As I pointed out recently, Derb has cancer. I don't know his prognosis, but he's recently been revisiting his childhood, writing about his dead mom, thinking about the end of western civilization, and ruminating/fantasizing Buchanan's ouster from MSNBC. He recently started a RadioDerb broadcast with the line

"this is my last contract with NRO"

and ended one with an Irish song that concludes

"Ah, but I'm sick now, my days are numbered so come all ye young men and lay me down."

In short, sick or not, he's in a morbid and fatalistic mood.

On the recent NR cruise I took, Derbyshire was on a panel discussion on pessimism in conservatism. He re-stated some of the points from We Are Doomed, but he didn't bother to engage any of the "optimistic" panelists. It felt like he had been over the points before with the others present and wasn't interested in arguing anymore. My guess is that Derb works on the assumption that he's going to be the target of a putsch at some point.

And my guess is that The Talk is doing just what Derbyshire would like it to do. If you want to understand, read Derb's comments at CPAC and on the coming end of multiculturalism. His view is that it's only a matter of time before science trumphs the dogmatic denial of science, and that the sooner we can deal with political questions rationally, the better we'll be at avoiding the social, political, and economic disintegration of the nation. The Talk is opportunistic, but it isn't a screed. It's an intentional attempt to get people to engage with the problems Derb sees coming on the horizon by piggybacking on some current popular news.

update 20:00 April 7:

Somehow, this post became the #7 Google search result for "Derbyshire The Talk":


Also, Rich Lowry of National Review announces that Derb has been booted, as I suspect he expected. (Download the last episode of RadioDerb soon, before it's gone!) I, for one, will probably let my NR subscription lapse soon. Not out of retaliation, but because there's not much point. The main reason to read the magazine in recent years has been the columnists, of which Florence King and John Derbyshire were two of the best, and both are finished now.

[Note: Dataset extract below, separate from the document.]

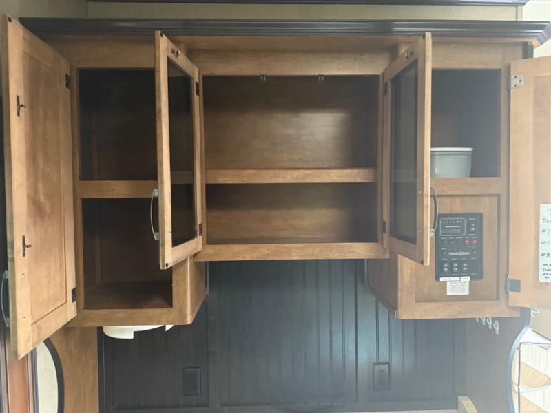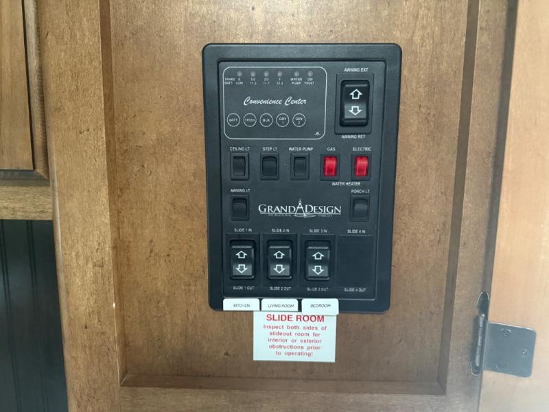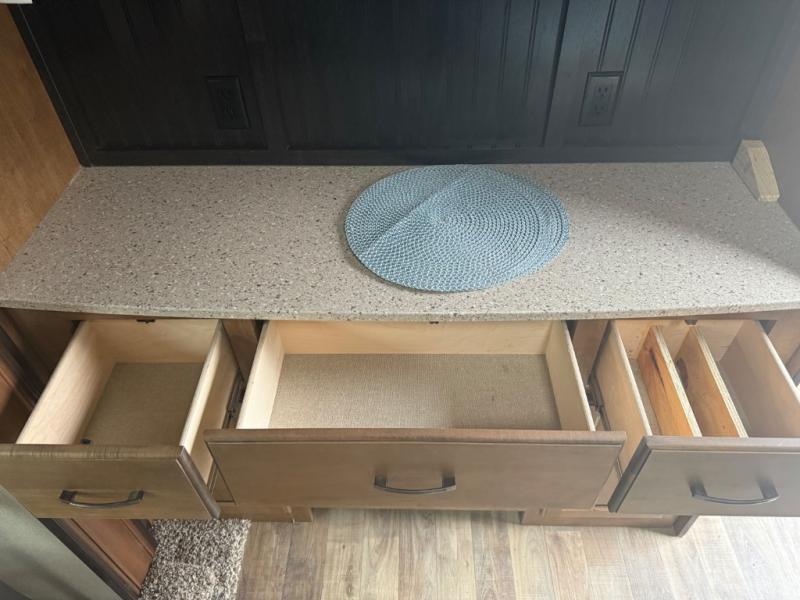What I liked most: Illuminated outdoor speakers. Pass-thru storage in front is very large with liquid dirty tools plastic tray. Motion light in pass-through storage. Sturdy aluminum steps. Half-size outdoor kitchen with entertainment center.

I understand this editorial decision on NR's part. There really wasn't any other choice. It's a shame, though, because now Derb's voice is going to be relegated to publications like TakiMag, which is provocative, but also frequently wrong and embarassing. Lowry is right that Derb's association with NR gave a mainstream veneer to Derb's writing. Derb deserves to have a mainstream veneer as his lack of dogmatism and interest in science and research in fields both related and unrelated to politics were a welcome addition to the intellectual smorgasbord of the conservative movement. Only Razib Khan fills a similar role (and aren't we all waiting for him to weigh in, too?).

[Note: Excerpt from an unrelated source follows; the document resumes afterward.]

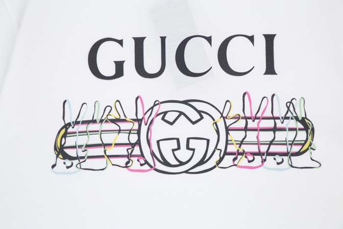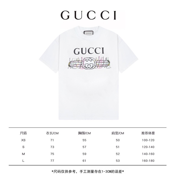グッチユニセックスホワイトクルーネック半袖Tシャツu155

Derbyshire will probably be hurt personally in all this, too. I can't say I agree with all his points in The Talk, either. Much of the essay is simply impolite, but I can't agree with his approach to personal relations, such as manipulative friendships or ignoring those in obvious distress. And his comment about vetting politicians probably had as much to do with being burned by his recent early endorsement of Hermann Cain as anything, and was I suspect a mistake that he doesn't entirely believe himself.

Anyhow, I guess that's all done with now.